When the Blatches took up residence in New York City, in 1902, she continued her suffrage work in the United States. She found that the movement was in a rut: “It bored its adherents and repelled its opponents.” What was needed was political insight. She wanted to apply to the American scene the same kind of politically minded organizing activity that had been successfully used by suffragists in England. There existed an American model, she noted, in the Anti-Saloon League, often called the first political pressure group in United States history.
Blatch began her efforts among the thousands of working women on the Lower East Side of New York City. There she discovered enormous support for suffrage, which was viewed as a means of reducing sex discrimination. In 1907 she founded the Equality League of Self-Supporting Women, which also included professional women. In the next several years the league held innumerable meetings and rallies throughout the New York City area. The first suffrage parades were held under its auspices.
The next step was to raise the state legislature’s consciousness about suffrage. In 1907 Blatch and other suffragists, including Susan B. Anthony, inaugurated a series of annual appearances before the legislators in Albany, on the theory that “the harvest ripens more rapidly in a legislative body than in a constituency of wide-flung unrelated individuals.” The league’s membership was catalogued according to political districts to facilitate organizing members into small pressure groups when needed. These techniques underlay the annual campaigns for a state suffrage amendment that began in 1910 and succeeded in 1917.
Meanwhile, the league, which had been reorganized as the Women’s Political Union, merged with the Congressional Union, founded in 1913 to promote a federal suffrage amendment. In 1917 Blatch helped merge the Congressional Union with the Woman’s party.
The entry of the United States into World War I, in April 1917, turned Blatch’s attention to other matters. She became head of the speakers’ bureau of the Food Administration and a director of the Woman’s Land Army, which provided female farm workers. By the time of the Armistice, in November 1918, Congress had passed the Nineteenth Amendment, and Blatch’s energy was redirected to equality of rights. She supported the campaign by the National Woman’s party for a federal Equal Rights Amendment and chaired its congressional committee for several years. She also urged regulations against child labor, and for prohibition of dangerous working conditions, but she opposed generalized protective labor legislation for women. She wanted more women in trade unions, however. During the 1920s she ran unsuccessfully as a political candidate on the Socialist party ticket.

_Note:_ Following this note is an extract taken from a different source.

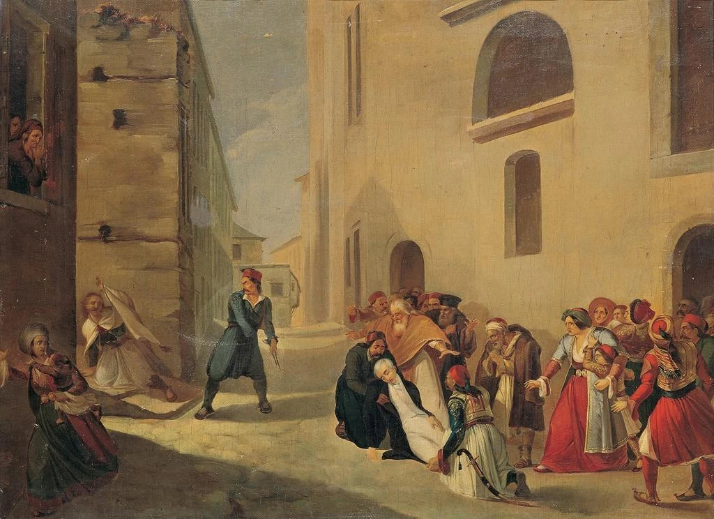 Dionysios Tsokos, peintre du 19ème siècle, est reconnu pour ses œuvres qui capturent des événements marquants de l'histoire grecque. Influencé par le romantisme, il s'est attaché à représenter des scènes historiques avec un réalisme saisissant. Tsokos a vécu une période de bouleversements politiques et sociaux en Grèce, ce qui a profondément influencé son travail. Ses œuvres, souvent empreintes de patriotisme, témoignent d'une volonté de préserver la mémoire collective de son pays. En choisissant de peindre des moments clés comme l'assassinat de Capodistria, il contribue à forger l'identité nationale à travers l'art.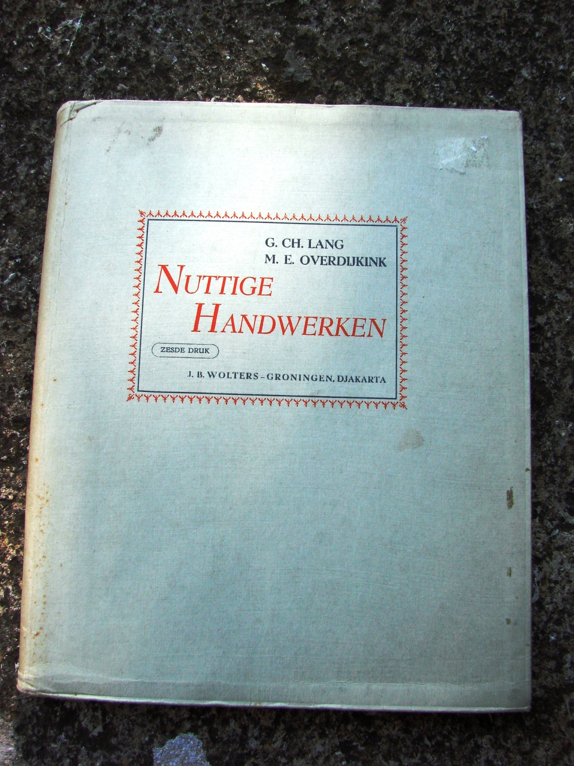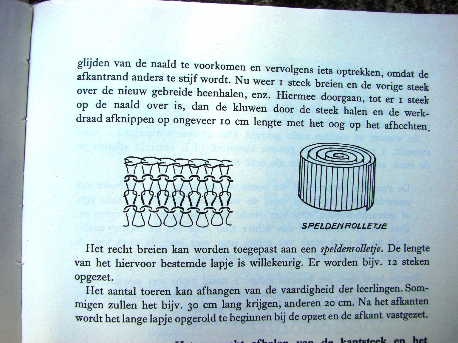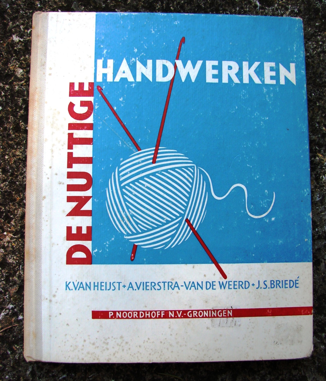 Inmiddels had ik mezelf via Boekwinkeltjes punt nl ook twee exemplaren van Nuttige Handwerken aangeschaft. Het ging niet op om ze slechts te lenen en terug te geven. Deze brug naar veel herinneringen en een stuk familiegeschiedenis wil ik zelf in de kast hebben staan. Daar staan ze nu op de plank, ‘Nuttige handwerken’ van Lang en Overdijkink uit 1955 en ‘Nuttige handwerken’ van Van Heijst, VIerstra- van de Weerd en Briedé uit 1965. De methodes beginnen met het vormen van een bolletje,het leren opzetten en afkanten van een breiwerkje, het breien van rechte steken en het breien van een eerste werkje. De ene met een inktlap, de ander met een naaldenboekje. Men rept in 1955 over ‘nieuwere inzichten omtrent opvoeding en didactiek’ (blz.5) wat heel grappig is als je zelf in het onderwijs werkte, want die nieuwe inzichten zijn een chronisch verschijnsel.

Harriot Stanton Blatch died at eighty-four, of a heart attack, in a nursing home in Greenwich, Connecticut, and was buried at Woodlawn Cemetery in New York City. Like her mother she had a flair for the dramatic. Her Equality League, organized at a time when the suffrage cause was languishing, gave the movement an invigorating jolt that contributed greatly to the passage of the Nineteenth Amendment.
Aside from her contributions to the History of Woman Suffrage, and her autobiography, Challenging Years (with Alma Lutz, 1940), Harriot Stanton Blatch wrote Mobilizing Woman-Power (1918) and Woman’s Point of View (1920). With her brother Theodore she edited Elizabeth Cady Stanton, as Revealed in Her Letters, Diary and Reminiscences (1922). Twelve volumes of her papers are in the Library of Congress; others are in the possession of her daughter, Nora Stanton Barney, and of Harriet Allaben. In addition to her autobiography, useful information and a bibliography may be found in Notable American Women (1971) and the Dictionary of American Biography, supplement 2 (1958). An obituary appeared in The New York Times, November 21, 1940.